See, now i'm not a fan of using the electronics for the howling myself. I just don't like the fact that your playing the coyote the exact same thing over and over. I have had arguments with coyotes that start out as interogation howls move to invitation howls and then end with challenge howls until the harvest happens and being able to switch from howl to howl and have the same voice doing all the howls i believe can be very important.


----------



## bl00dtrail

Brad.T,

good point......

Howling just doesn't "produce" here like it does in other areas...... I use the Howls to create a believable scenario more than lure a coyote into range.

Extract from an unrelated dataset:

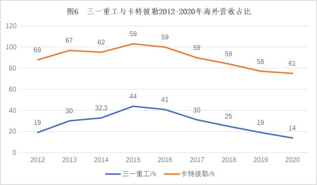 此外,筆者選取了三一重工與卡特彼勒2012-2020年海外營收占比,如圖6所示。在行業處于谷底的2015年,三一重工海外營收實現占比大幅度提高,達44%。實際上,從2012-2020年,除卻2012年、2014年和2016年三一重工海外營業收入分別為87.40億元、98.22億元和92.86億元之外,其余年份其海外收入均超過100億元,尤其在2018-2020年分別達到了136億元、141.67億元、141.04億元,占比分別為25%、19%和14%,這也充分說明其市場仍以國內為主。反觀卡特彼勒海外營收始終穩居在50%以上,2012年更是達到了69%。卡特彼勒本土化發展與海外布局疊加,使其牢牢的占據了全球工程機械的領先地位,國際化也成為卡特彼勒最顯著的基因,集銷售、生產、研發、再制造、金融服務為一體的全價值鏈服務格局的國際化策略很值得中國同行學習。而對于中國工程機械企業而言,在國內市場競爭激烈加之市場逐漸飽和的當下,海外布局如何貫徹全價值鏈體系的建設,將成為國內企業海外之路是否成功的決定性要素之一。
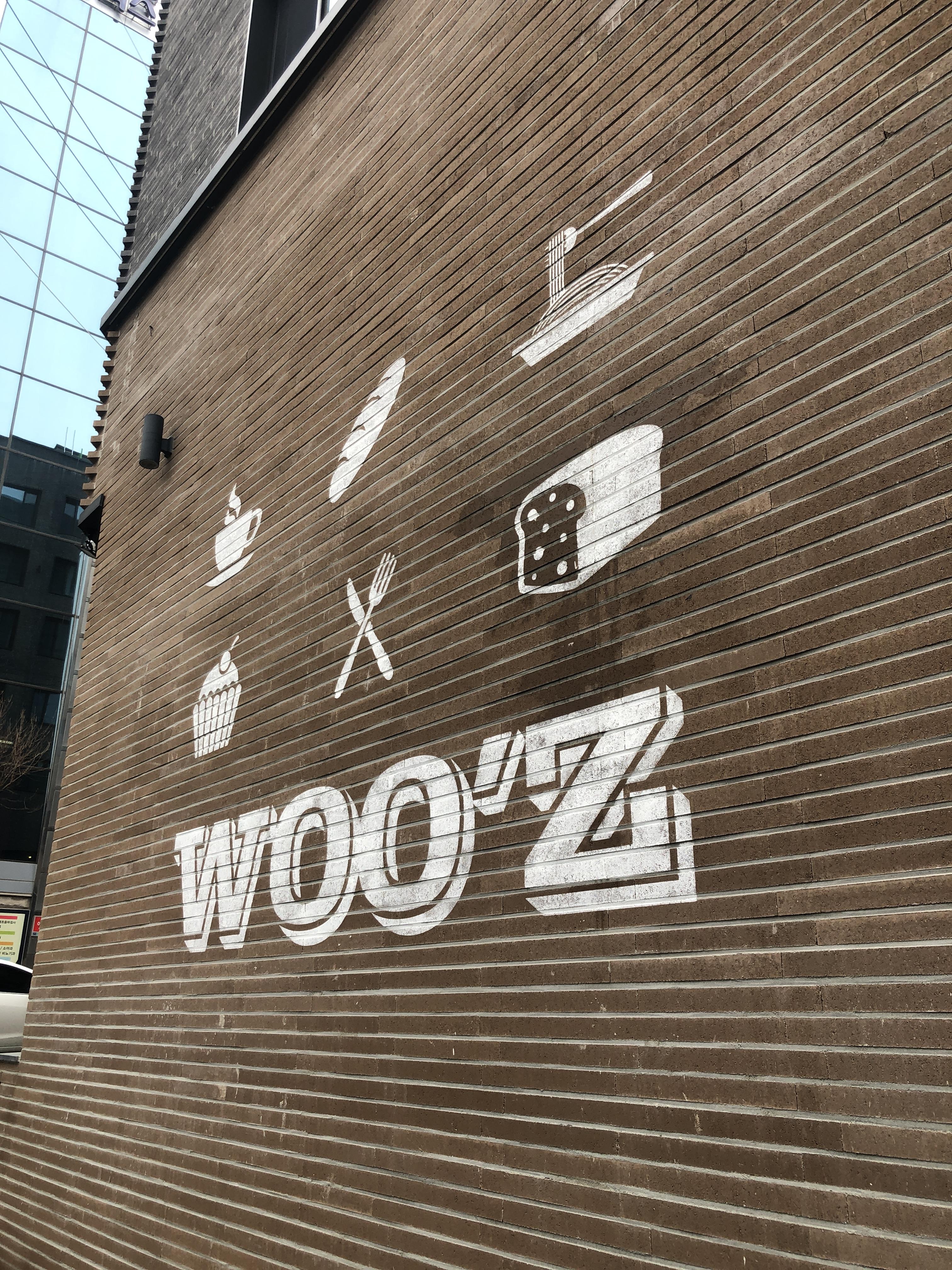 [경북 안동] 요구르트 맛이 나는, 허니크림치즈볼 우즈베이커리 가게가 모퉁이에 있어서 한쪽 벽면에는 가게 이름을 크게 적어두고, 한쪽 벽면에는 매장 입구가 있다.

I really don't like the Tally-Ho either....? I must be weird :roll:


----------



## Brad.T

You don't have good responses in the end of feburary even? I understand that the population is not as dense out there so they don't have the competition factor to deal with so much but i would think curriosty and mating would cause some attention for coming to howls. Are you hunting a lot of wooded areas? if so i can guarantee you that the coyotes your howling in are staying "unseen" I have coyotes out on the plains get around me when coming to howls and really put the sneak on before commiting to the call. It just seems like they rarely want to come in racing when responding to howls i suppose to size up the other coyote before challenging him to a fight. or to make sure there isn't already a "crowd" to deal with, unless you get a mated pair coming in then watch out.


----------



## SDHandgunner

I love the transmission funnel too. Sometimes necessity is the mother of invention, such was the case with the transmission funnel.

Actually the transmission funned I use is a two piece afair. It is a regular funnel (with about a 6" opening on top) that has threads on it and the long skinny adaptor to use as a transmission funnel screws onto the main part. I simply cut both ends off to the diameter I needed. Then it is a simple matter of unscrewing the funnel and I have my Crit-r-Call to use without the funnel.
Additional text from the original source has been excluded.